The DA has historically drawn strong support from commercial farmers seeking relief from regulatory overreach, policy uncertainty, and threats to property rights. Yet since the party assumed control of the agriculture portfolio following the formation of the Government of National Unity in 2024, Steenhuisen has presided over the entrenchment of black economic empowerment (BEE) requirements that increasingly condition economic participation on racial compliance.

Sakeliga, a business lobby group, says AgriBEE is the department’s officially adopted policy to make BEE compulsory in agriculture. According to Sakeliga: “While the policy of AgriBEE predates Minister Steenhuisen’s tenure, he has so far not only failed to take it under review, but he has also upheld his director-general’s renewal of regulations in accordance with the policy.”

Sakeliga said that in October 2024 it had “alerted Minister Steenhuisen that his [department] had renewed regulations that restrict quotas for reduced-duty agricultural imports and exports based on the race of farmers and business owners.”

This directly contradicts a series of historical DA policy positions. For example, in 2023, the party warned that enforcing BEE compliance on agricultural exports amounted to economic self-harm, threatening jobs, export revenue, and foreign currency earnings. That critique now sits uneasily alongside the persistence of the same mechanisms within a department it controls, and the absence of any visible reform effort.

In practice, empowerment is being shifted from an incentive-based framework into a system of enforcement. Sakeliga argues that once compliance becomes a prerequisite for regulatory survival, farmers are no longer competing primarily on productivity, quality, or efficiency, but on their ability to meet racial thresholds set by the state. The department is therefore not merely administering inherited policy but actively enforcing it through administrative discretion.
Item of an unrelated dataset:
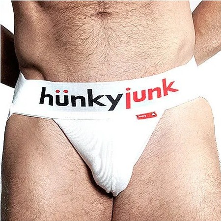 Le Jockstrap Blanc HUNKER de la marque OXJOK est conçu pour un port quotidien ou pour une occasion spéciale. Il se compose d' :  un cockring inclus une ligne de coutures blanche à l'avant une ceinture blanche avec la mention hunky junk en noir et rouge mention hunky à l'arrière Composition : 94% Coton, 6% Élasthanne

Export-oriented producers face particular exposure. Empowerment thresholds embedded in export protocols and industry schemes increasingly determine access to quotas, certification, and market participation. This introduces commercial risk unrelated to output or standards and raises the prospect of trade friction with partners such as the European Union and the United Kingdom, where non-discrimination principles underpin agricultural market access.

Statutory industry levies sharpen the contradiction further. According to Sakeliga: “Between October 2024 and January 2025, the minister promulgated at least three regulations to ring-fence millions of rands for ‘transformation’ as part of statutory crop levies. The levies are imposed on farmers, traders, packers, processors, exporters, and others in the value chains of three crops: soya beans, table grapes, and dried vine fruit.”

A crop levy is a statutory fee imposed on agricultural products, typically collected at the first point of sale or export, to fund industry-specific needs such as research, technology development, marketing, and transformation.

According to Sakeliga: “Contrary to denials by the department and industry role-players these past two years, there is indeed clear evidence that the Department of Agriculture is implementing its AgriBEE policy, which seeks to subject agricultural activity to BEE requirements.”

The BEE crisis is compounded by the contemporaneous mishandling of the FMD crisis. Read our report on the issue in today’s edition of The Common Sense.

As the DA transitions from opposition to governance, agriculture has emerged as an early fault line. If the party cannot reconcile its reformist and non-racial rhetoric with the lived reality of farmers facing compulsory racial compliance and heavy-handed crisis management, it risks forfeiting credibility among constituencies (which go far beyond just the farming community) that supported it precisely to resist the expansion of state control. How the DA resolves this tension will shape not only its relationship with agriculture, but its broader claim to be a reform-driven alternative in government.